Генка испуганно обернулся и увидел Ворону-старшую, Маринкину мамку. Та опрыскивала смородину от вредителей. За спиной ее висел на лямках баллон с ядохимикатом, в руке – штырь опрыскивателя с загнутым концом. На глазах были круглые очки в резиновой оправе, делающие Ворону еще более страшной.
Генка смотрел на нее и пятился.
– Ты… куда? – возмущенно повторила Ворона.
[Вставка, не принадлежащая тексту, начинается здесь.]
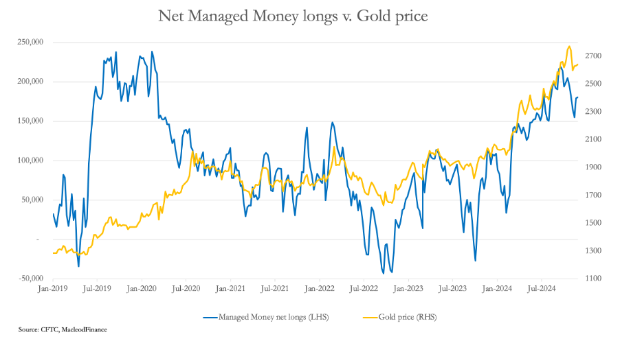 The chart below shows how Comex’s Managed Money category drives the gold price, and has been doing so, particularly since 2021:

Вместо ответа Генка повернулся и побежал. Ворона успела огреть его штырем по спине, и хуже того – крюк зацепил резинку трусов. Генка рванулся, понял, что произошло, подхватил трусы одной рукой и, теряя галоши, выбежал на улицу.
День был воскресный, теплый, и потому на улице было много праздного люда. Погоню наблюдали все, разделившись в своем участливом наблюдении: женщины болели за Генку, а мужики, странное дело, поддерживали Ворону.
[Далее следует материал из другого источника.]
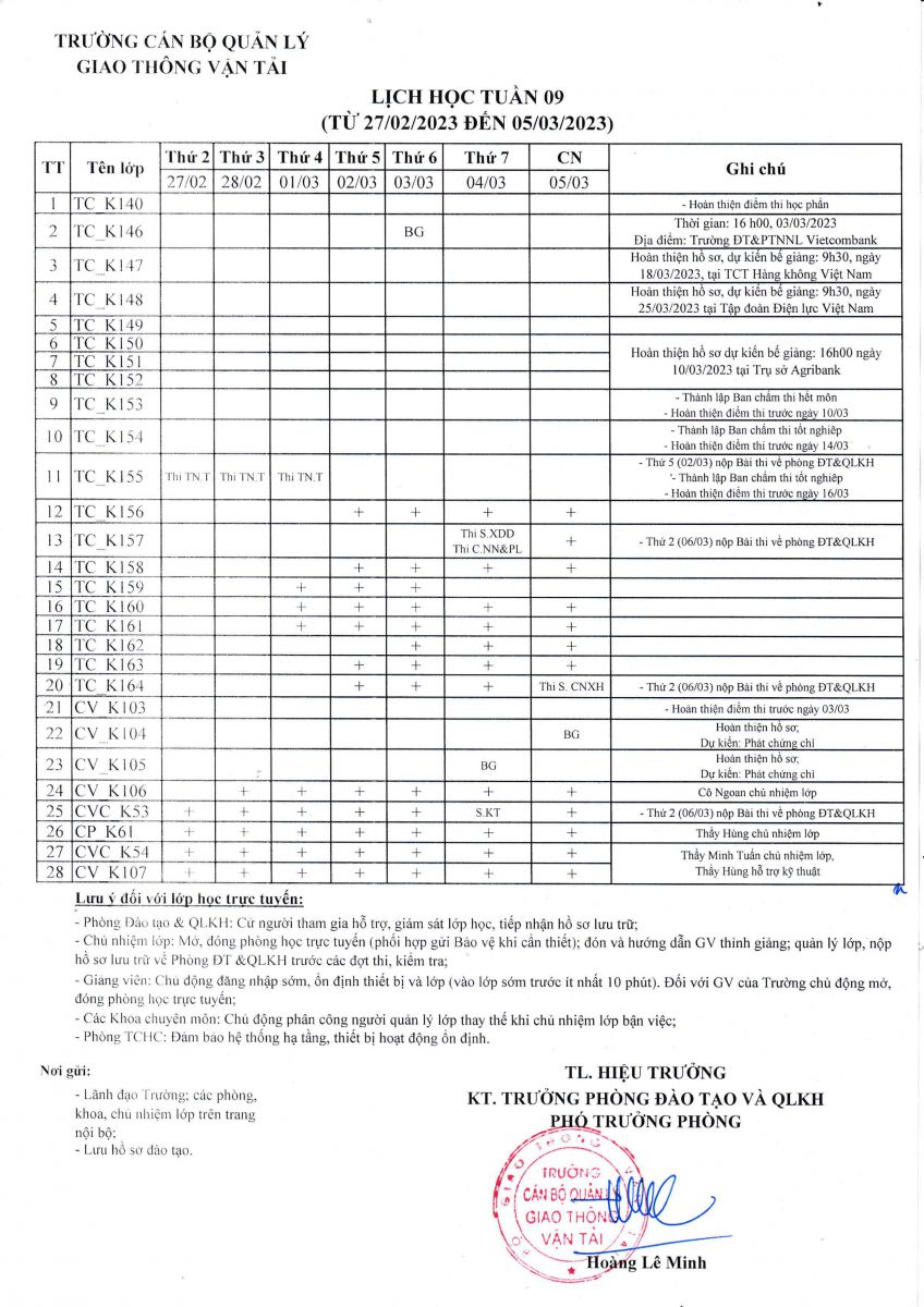 Lịch học tuần 09 (từ 27/02/2023 đến 05/3/2023)

Вороне мешал баллон за спиной, она боялась бросить его на дороге. Генка же не мог бросить трусы, поэтому довольно долго Ворона почти настигала беглеца и еще пару раз огрела его по спине железным штырем. И все же молодость взяла свое, и Генка стал отрываться и уходить вперед, и обессиленная Ворона остановилась, а Генка все бежал, бежал, и начинало казаться, что он не остановится уже никогда…
Иван шел по улице Ленина и с трудом узнавал ее – так она была принаряжена: флаги, плакаты, разноцветные воздушные шары. В нескольких местах одновременно играли духовые оркестры и гудели дюралевые репродукторы на столбах. Люди, что тянулись сплошным потоком к площади Ленина: дети, женщины, мужчины и снова дети, – тоже были нарядны и праздничны. Впрочем, и Иван был наряден – в светлом модном костюме и белой сорочке с галстуком, хотя, похоже, он не ожидал оказаться на празднике города Васильево Поле. На него оглядывались, выделяя не своего, иностранца.
В одной руке Иван держал роскошный и тоже не здешний букет роз, в другой – целлофановый пакет из «Березки». Люди улыбались, и Иван улыбался. В этот день всем было хорошо.
Чуть в стороне двигалась строем рота солдат, ведомая неохватно толстым прапорщиком.
– Курицын! – крикнул Иван и заторопился к солдатам.
Последний солдатик, самый плохонький, маленький, но с неожиданно неглупыми глазами, удивленно смотрел на незнакомца. Иван выхватил из пакета два блока сигарет «Винстон» и протянул их солдату:
– Возьми. Это тебе. С праздником. – Иван улыбался.
– Ты чего, дядь, крэзи? – недоверчиво спросил солдат.
– Крэзи, да, крэзи, – обрадованно закивал Иван.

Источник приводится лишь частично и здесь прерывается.